Every night when I go to bed I feel so blessed to share my life with such an amazing husband and such an amazing baby girl.
I spend my entire day with my daughter and most days we get to see my husband for lunch time and sometimes for dinner.
But no matter what, nighttime is when we’re always together, as a family.
To me, nighttime is like the icing on the cake. That moment right before I go to sleep it’s just so magical to me…so powerful, so filled with emotions, it’s what keeps me going.
I lay in bed on one side, my husband on the other and our daughter in the middle.
Every night when I lay down my baby girl turns onto her side and puts her legs on top of mine. There is something about her doing this that brings so much happiness and love into my heart. She’s already close to me, but it’s like she wants to get even closer; she just loves cuddling. I can’t explain it in words but it just fills me out with an amazing feeling…

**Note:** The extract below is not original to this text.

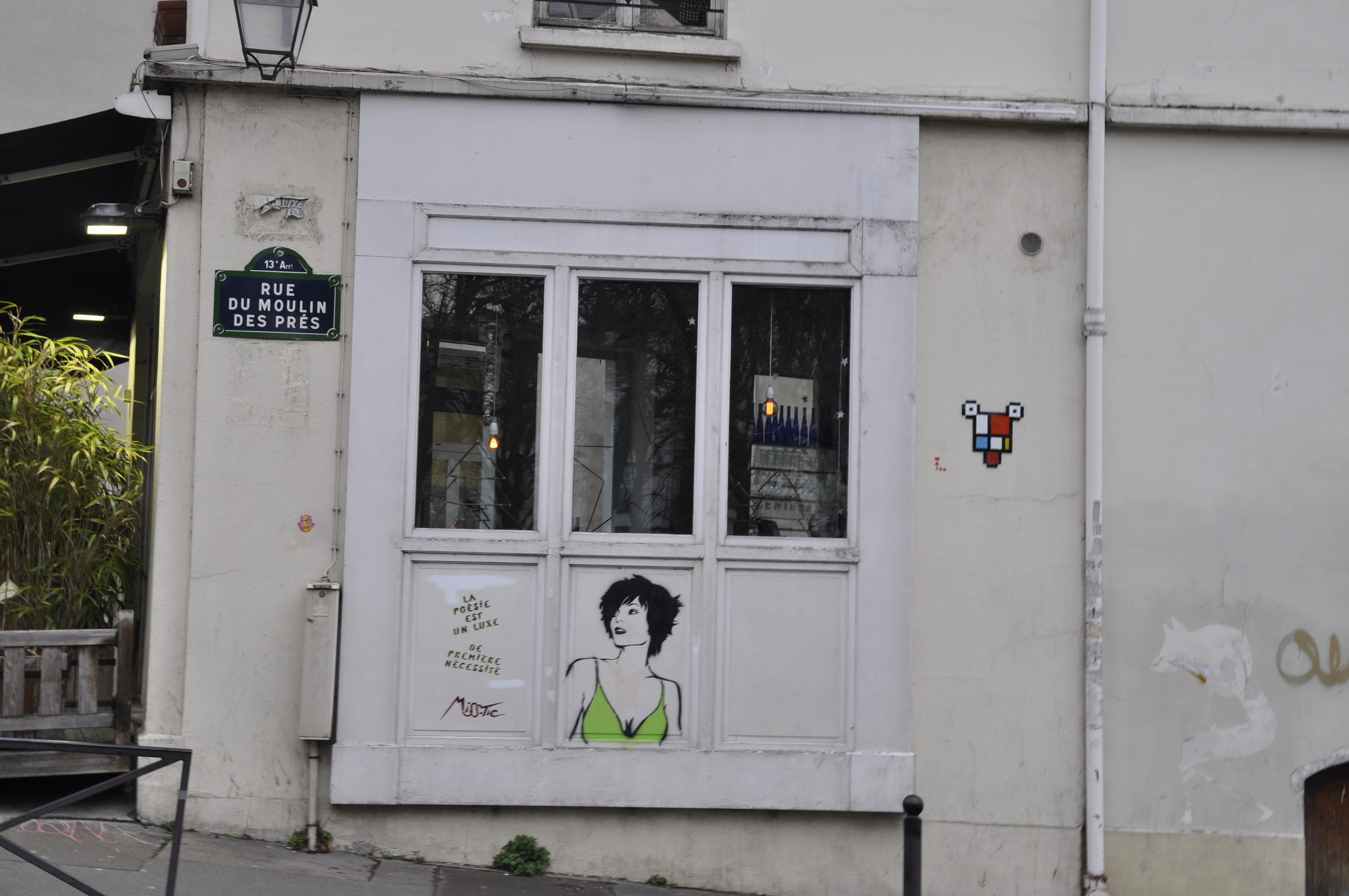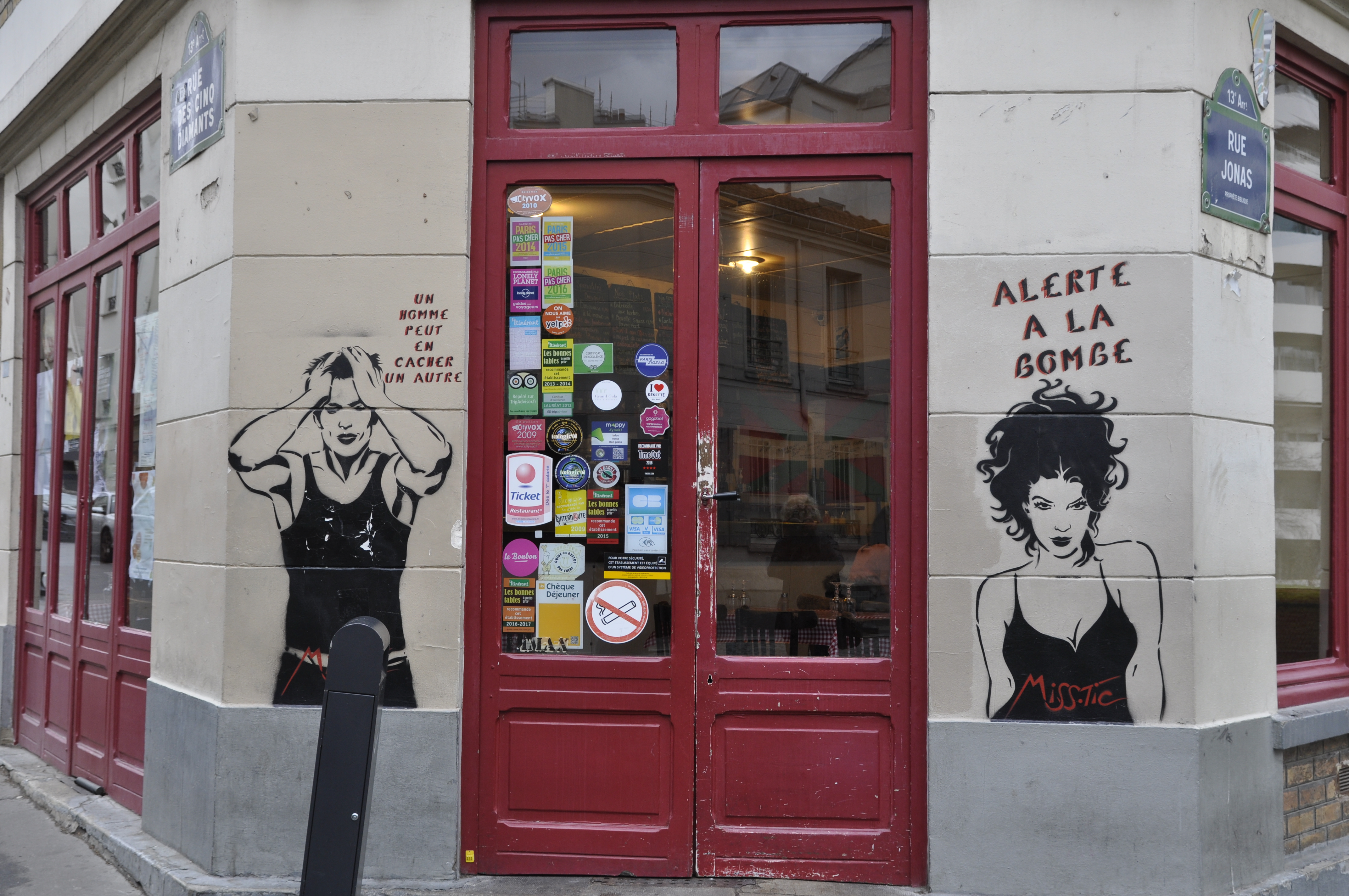 Quant on sort du restaurant, on peut arpenter les rues pavées Paulin Mery et rue Gérard, photographier les oeuvres de street art…Dans ce haut lieu de l’art de rue, j’aime surtout les pochoirs de Miss-Tic, qui signe d’un pseudo féminin, redoublant les images qu’elle installe un peu partout dans le quartier, et qui la montrent en belle jeune femme charnelle, chasseuse d’hommes sans culpabilité.

But it gets better! Then, I look at my husband. He rubs our baby’s belly or her back. Kisses her good night and snuggles with her a little. We smile at each other and kiss good night. We hold hands and fall asleep holding hands.
And once the sun wakes us up every morning we get to feel this love all over again, this union. It is so magical to see the happiness in my daughter’s face when she sees us in the morning. Her excitement, the joy, the laughter, the kisses and hugs…it’s what I live for.
So much love, so much happiness, so much closeness – this is my favorite part of the day. Life just doesn’t get any better than this!
Are your nights also this magical?
🙂 I remember this when we only had Yadiel and our nights were very similar. I always felt so cozy and happy to have all three of us snuggled up in bed. Now it’s a little different, but like last night I was nursing Isaac and Luis came in and laid down next to us, kissed him on the head and rubbed his back, it was so sweet. I love all the little moments like that that come with bedsharing 🙂
That’s so sweet!! 🙂 Those are the moment I hope we always remember.
Beautiful!!! I share those same feelings. Now we have a new baby that we’ve added to the family. So it’s both our boys and my husband. What could be better? What could be safer? What could be cozier?
Sounds perfect to me! 🙂 There’s nothing better.